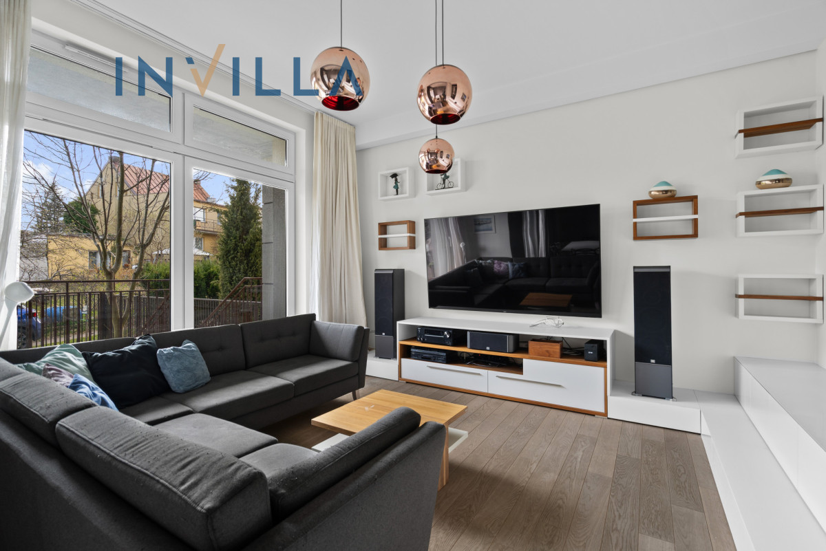 Dodatkowym atutem jest przyziemie na poziomie garażu, które posiada niezależne wejście od strony ogrodu. Znajduje się tam kilka wyremontowanych pomieszczeń z pełnowymiarowymi oknami – idealnych na biuro, pracownię, gabinet lub przestrzeń rekreacyjną dla dzieci.
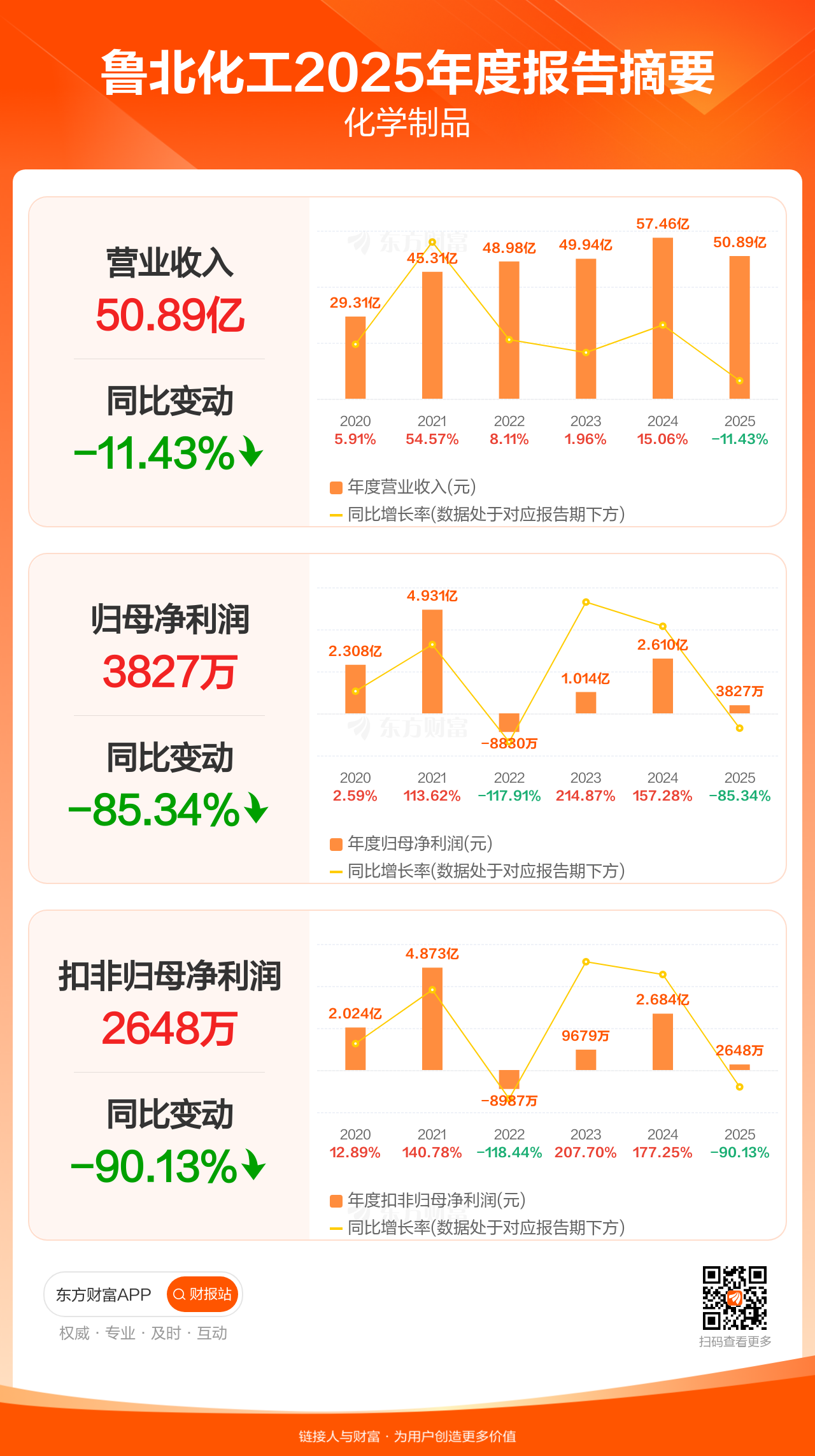 鲁北化工3月31日发布2025年年报显示,公司全年实现营业收入50.89亿元,同比下滑11.43%;归母净利润3827.12万元,同比下滑85.34%;扣非归母净利润2647.63万元,同比下滑90.13%。
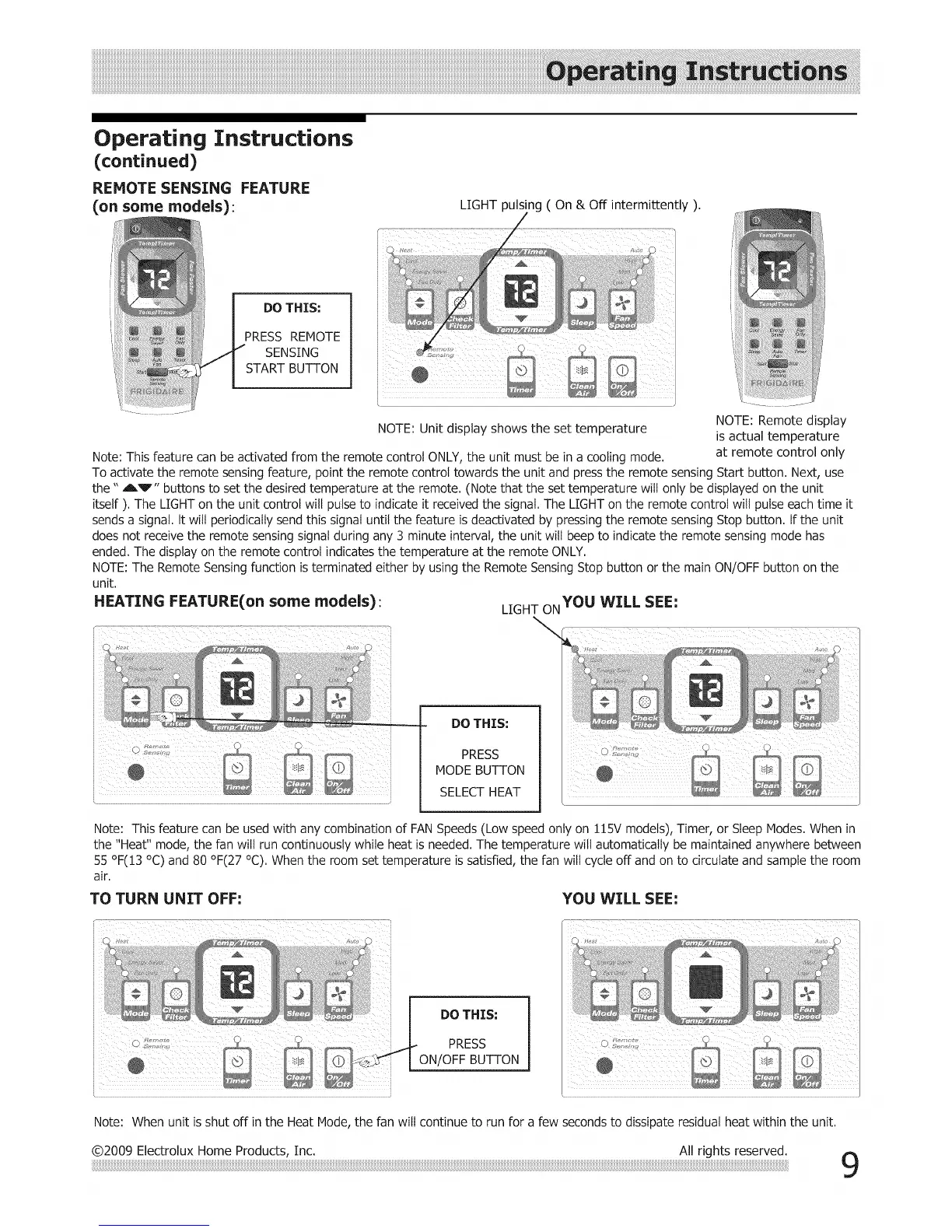 @2009 Electrolux Home Products, Inc. All rights reserved.
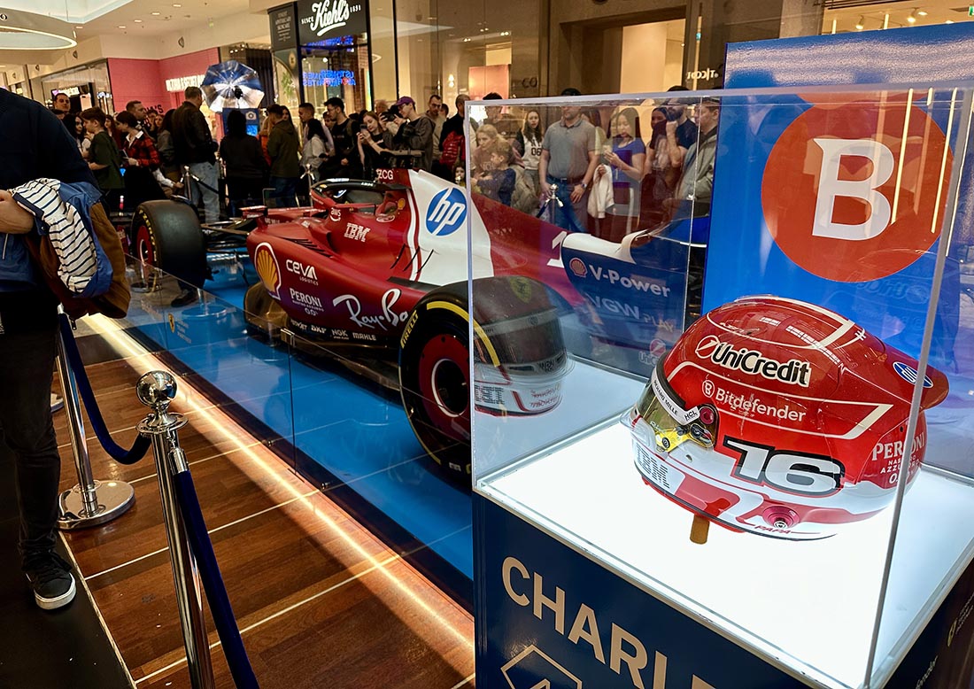 Vei găsi logoul brandului românesc atât pe mașină, cât și pe căștile celor doi piloți, expuse la rândul lor: cască roșie pentru Charles Leclerc, galbenă pentru Lewis Hamilton.
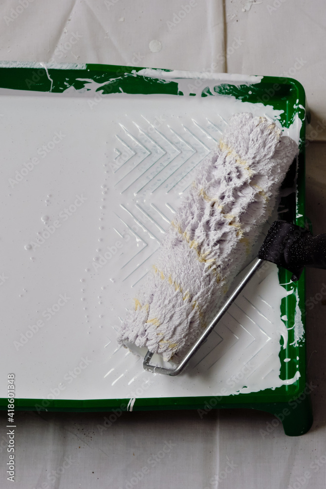 White paint roller collecting paint in a paint container.
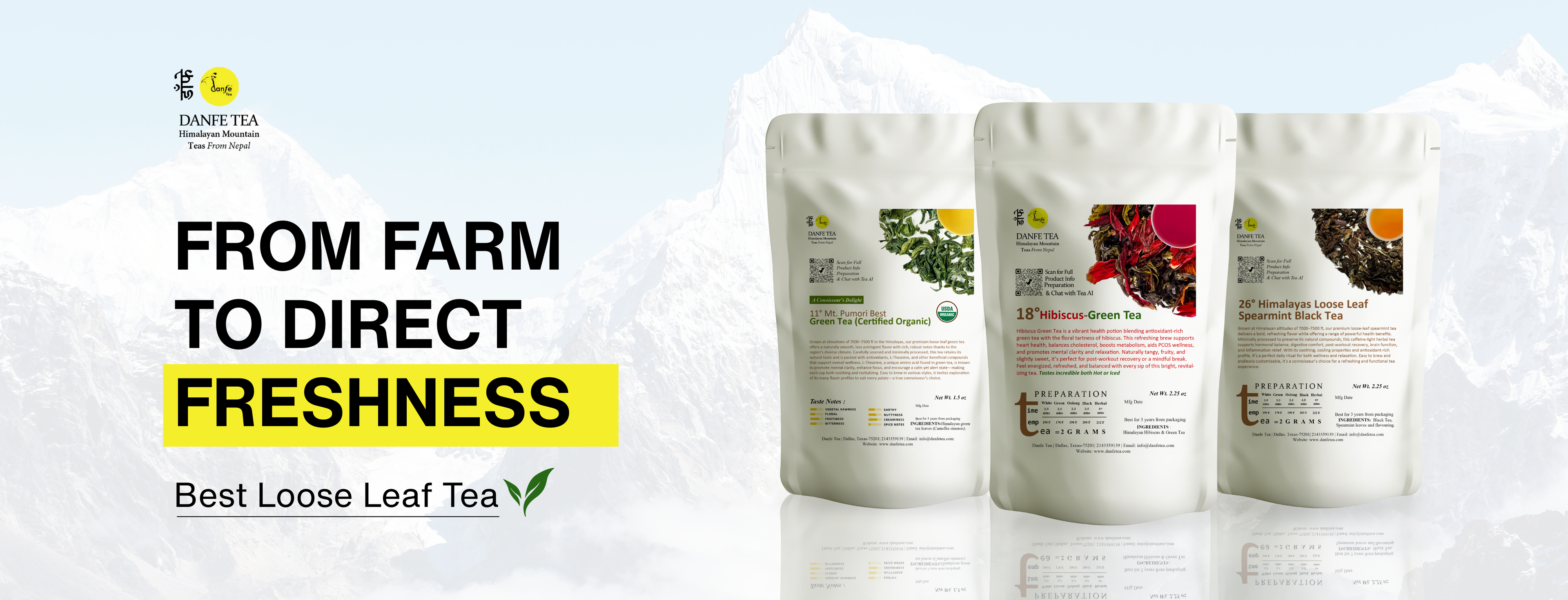 Shop Danfe Tea's premium Himalayan loose-leaf teas directly at www.DanfeTea.com with convenient nationwide shipping across the United States. Orders ship within 1-2 business days, bringing authentic Nepal tea straight to your door.
###
Exercise description – Output each entry above word for word. The pictures stay out.

Reply to the exercise –
 Dodatkowym atutem jest przyziemie na poziomie garażu, które posiada niezależne wejście od strony ogrodu. Znajduje się tam kilka wyremontowanych pomieszczeń z pełnowymiarowymi oknami – idealnych na biuro, pracownię, gabinet lub przestrzeń rekreacyjną dla dzieci.
 鲁北化工3月31日发布2025年年报显示,公司全年实现营业收入50.89亿元,同比下滑11.43%;归母净利润3827.12万元,同比下滑85.34%;扣非归母净利润2647.63万元,同比下滑90.13%。
 @2009 Electrolux Home Products, Inc. All rights reserved.
 Vei găsi logoul brandului românesc atât pe mașină, cât și pe căștile celor doi piloți, expuse la rândul lor: cască roșie pentru Charles Leclerc, galbenă pentru Lewis Hamilton.
 White paint roller collecting paint in a paint container.
 Shop Danfe Tea's premium Himalayan loose-leaf teas directly at www.DanfeTea.com with convenient nationwide shipping across the United States. Orders ship within 1-2 business days, bringing authentic Nepal tea straight to your door.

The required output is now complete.